_Assignment_.
Would you print the records below word for word, without the pictures?

[[ Entries supplied open ]]

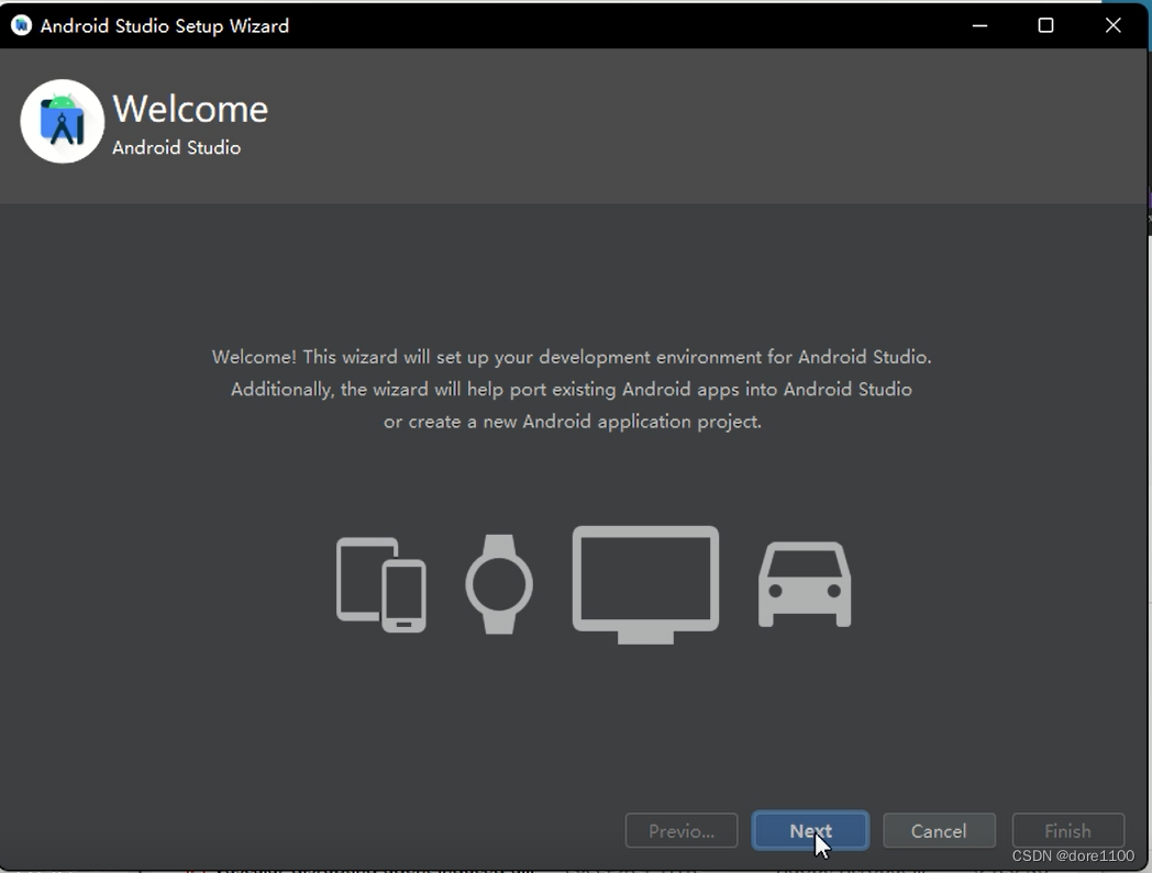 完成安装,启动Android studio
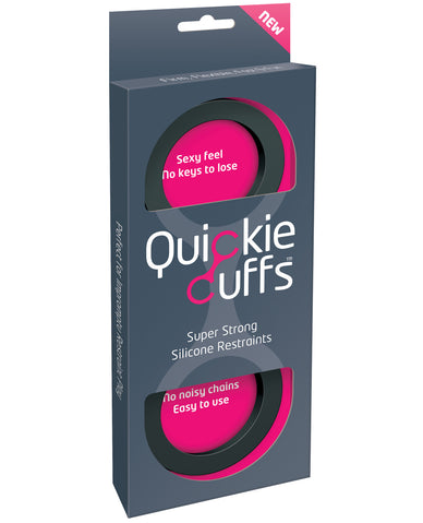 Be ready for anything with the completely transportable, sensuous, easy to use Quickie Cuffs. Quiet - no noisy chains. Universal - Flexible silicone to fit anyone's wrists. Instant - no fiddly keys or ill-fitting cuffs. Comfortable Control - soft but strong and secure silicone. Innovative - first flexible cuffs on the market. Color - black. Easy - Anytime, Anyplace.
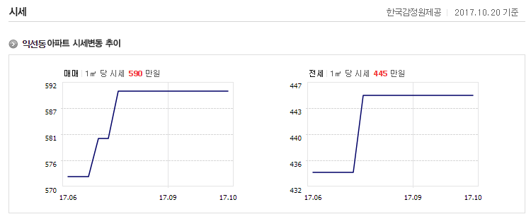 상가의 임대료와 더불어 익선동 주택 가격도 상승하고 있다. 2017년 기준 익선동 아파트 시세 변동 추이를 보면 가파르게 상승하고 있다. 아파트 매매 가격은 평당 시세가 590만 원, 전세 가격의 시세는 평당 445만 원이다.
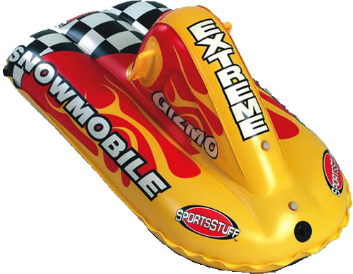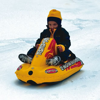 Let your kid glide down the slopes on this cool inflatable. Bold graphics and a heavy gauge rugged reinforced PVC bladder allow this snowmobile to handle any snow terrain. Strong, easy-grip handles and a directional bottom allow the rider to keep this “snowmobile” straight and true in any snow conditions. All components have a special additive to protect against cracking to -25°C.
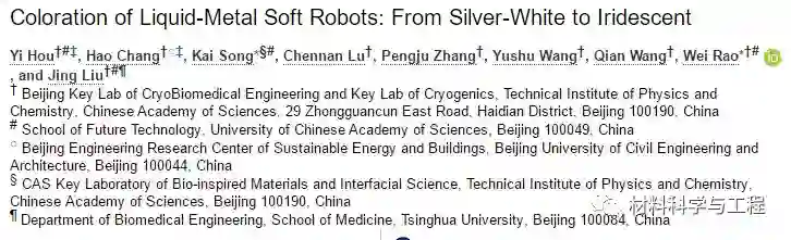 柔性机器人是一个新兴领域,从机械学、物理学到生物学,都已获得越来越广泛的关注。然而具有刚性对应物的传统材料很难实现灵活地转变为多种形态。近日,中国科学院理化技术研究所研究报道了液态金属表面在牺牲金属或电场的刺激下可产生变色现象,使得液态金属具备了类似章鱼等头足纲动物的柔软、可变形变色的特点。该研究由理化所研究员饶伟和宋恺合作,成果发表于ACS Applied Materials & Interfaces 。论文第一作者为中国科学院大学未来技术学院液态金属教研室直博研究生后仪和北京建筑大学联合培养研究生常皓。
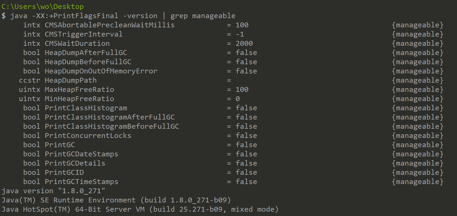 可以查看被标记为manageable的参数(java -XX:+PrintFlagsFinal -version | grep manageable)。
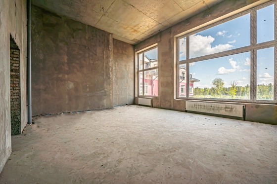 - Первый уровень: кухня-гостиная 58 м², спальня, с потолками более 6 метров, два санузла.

[[ Entries supplied closed ]]

_Written reply_.
 完成安装,启动Android studio
 Be ready for anything with the completely transportable, sensuous, easy to use Quickie Cuffs. Quiet - no noisy chains. Universal - Flexible silicone to fit anyone's wrists. Instant - no fiddly keys or ill-fitting cuffs. Comfortable Control - soft but strong and secure silicone. Innovative - first flexible cuffs on the market. Color - black. Easy - Anytime, Anyplace.
 상가의 임대료와 더불어 익선동 주택 가격도 상승하고 있다. 2017년 기준 익선동 아파트 시세 변동 추이를 보면 가파르게 상승하고 있다. 아파트 매매 가격은 평당 시세가 590만 원, 전세 가격의 시세는 평당 445만 원이다.
 Let your kid glide down the slopes on this cool inflatable. Bold graphics and a heavy gauge rugged reinforced PVC bladder allow this snowmobile to handle any snow terrain. Strong, easy-grip handles and a directional bottom allow the rider to keep this “snowmobile” straight and true in any snow conditions. All components have a special additive to protect against cracking to -25°C.
 柔性机器人是一个新兴领域,从机械学、物理学到生物学,都已获得越来越广泛的关注。然而具有刚性对应物的传统材料很难实现灵活地转变为多种形态。近日,中国科学院理化技术研究所研究报道了液态金属表面在牺牲金属或电场的刺激下可产生变色现象,使得液态金属具备了类似章鱼等头足纲动物的柔软、可变形变色的特点。该研究由理化所研究员饶伟和宋恺合作,成果发表于ACS Applied Materials & Interfaces 。论文第一作者为中国科学院大学未来技术学院液态金属教研室直博研究生后仪和北京建筑大学联合培养研究生常皓。
 可以查看被标记为manageable的参数(java -XX:+PrintFlagsFinal -version | grep manageable)。
 - Первый уровень: кухня-гостиная 58 м², спальня, с потолками более 6 метров, два санузла.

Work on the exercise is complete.